It's about 7 Celsius or about 43 Fahrenhiet in my garage. Any remaining snow slowly melts and is completely absorbed by the cardboard. When the cardboard gets quite dirty, I just recycle it and lay down some new stuff.


----------



## 88racing (Jan 20, 2016)

I happened to come across a heavy duty rubber commercial building entry floor mat at a job site that was getting remodeled... It was in the dumpster....It's 4'x6' and has raised edges and tread cleaning fingers and it holds around 4-5 gallons of water...I've looked these up on the net before and they're not cheap...I've had it for 12 years and works like a champ...I clean the majority of the snow off outside and then park the blower on the mat....my garage never gets below freezing even on the coldest days we have here (-20*f--30*f) and I don't heat it but it's well insulated and holds in vehicle heat very well


----------



## Koenig041 (Dec 18, 2013)

My methods are very close to what others have posted.
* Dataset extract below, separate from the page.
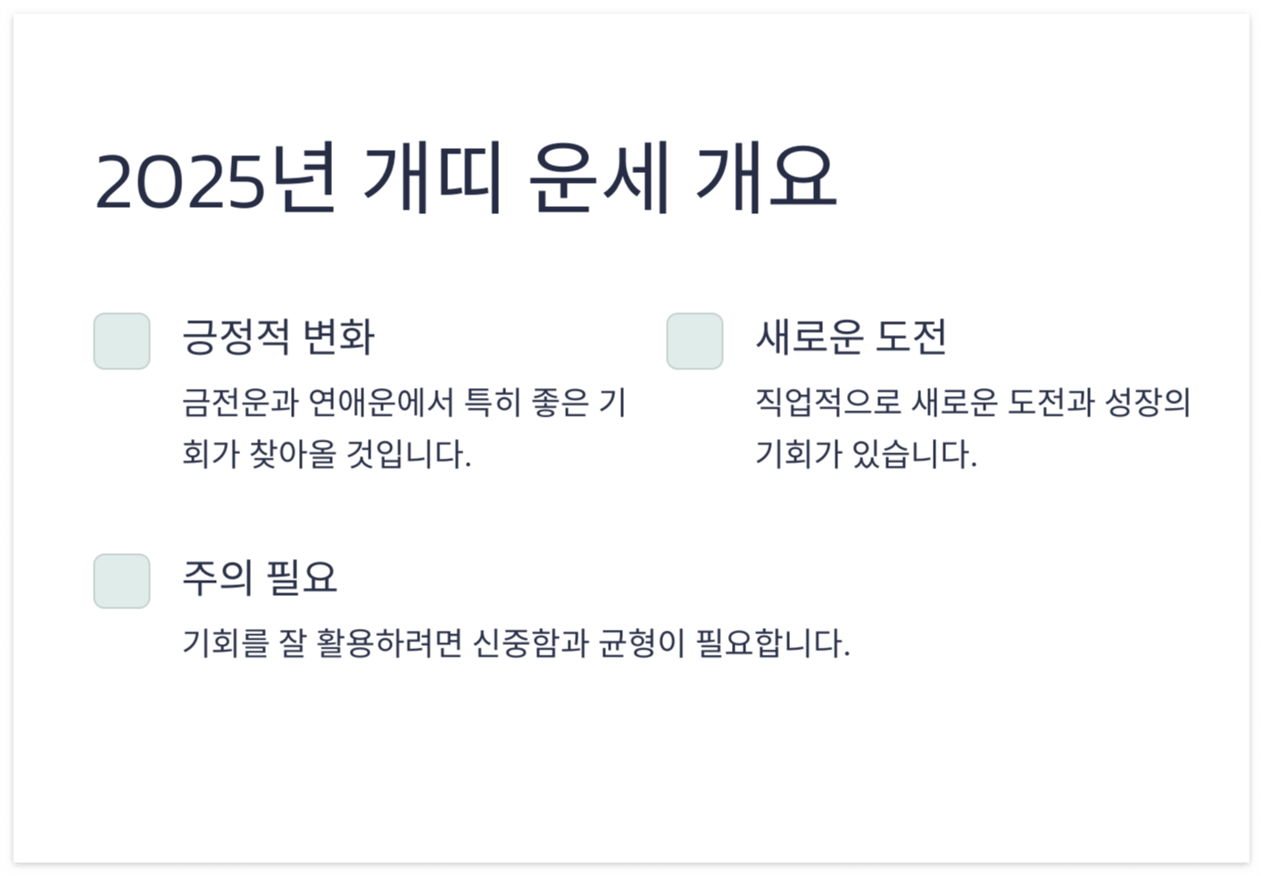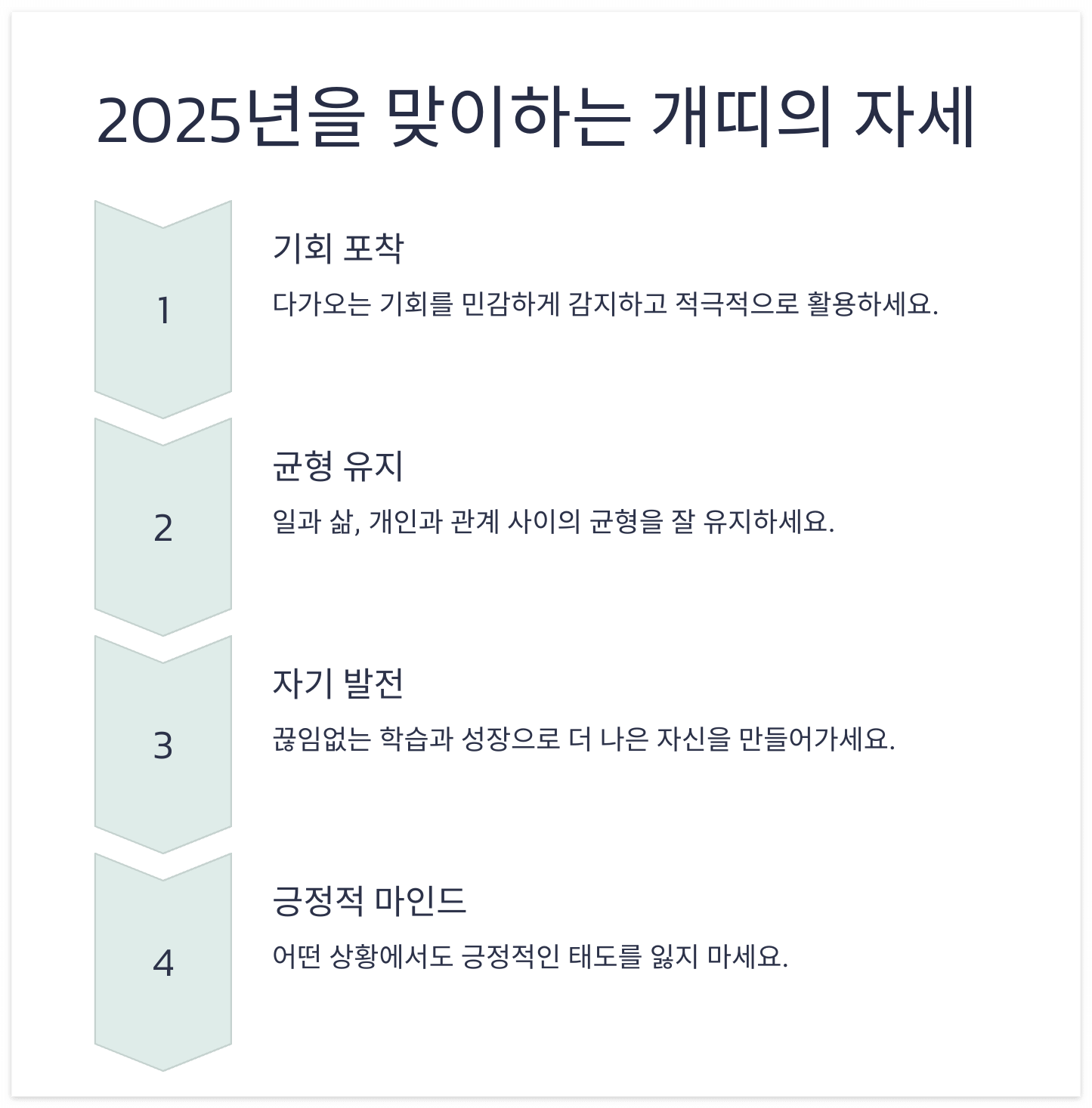2025년은 개띠에게 많은 기회가 주어지는 해입니다. 특히, 금전운과 연애운에서 긍정적인 변화가 예상되며, 직업적으로도 새로운 도전이 가능할 것입니다. 하지만 이러한 기회를 잘 활용하기 위해서는 주의해야 할 점도 많습니다.

I rest the machine on an old rug in the garage after excess was brushed off outside. I also place a 1 x 3 under the scraper because I have had the bottom of the chute freeze and stick to the rug.

The Troybilt blower has a plate that the impeller blades are attached. Snow will get behind the plate and freeze between the plate and the back of the drum. When this happens I will put a box heater on that part of the machine to soften up the ice. This prevents the drum from binding when engaging the auger.


----------



## uberT (Dec 29, 2013)

Ariens sells a mat for such purposes, too, but I don't think it has a raised lip on it.

It's about $29 at Home Depot.


----------



## koreywill (Feb 4, 2014)

I do a lot of the above mentioned items but then I break out the electric leaf blower and that gets just about everything left. I then park it inside the garage close to the door with the scraper bar on a block of wood. Any snow melt after that is easily swept or squeegeed out the door.


----------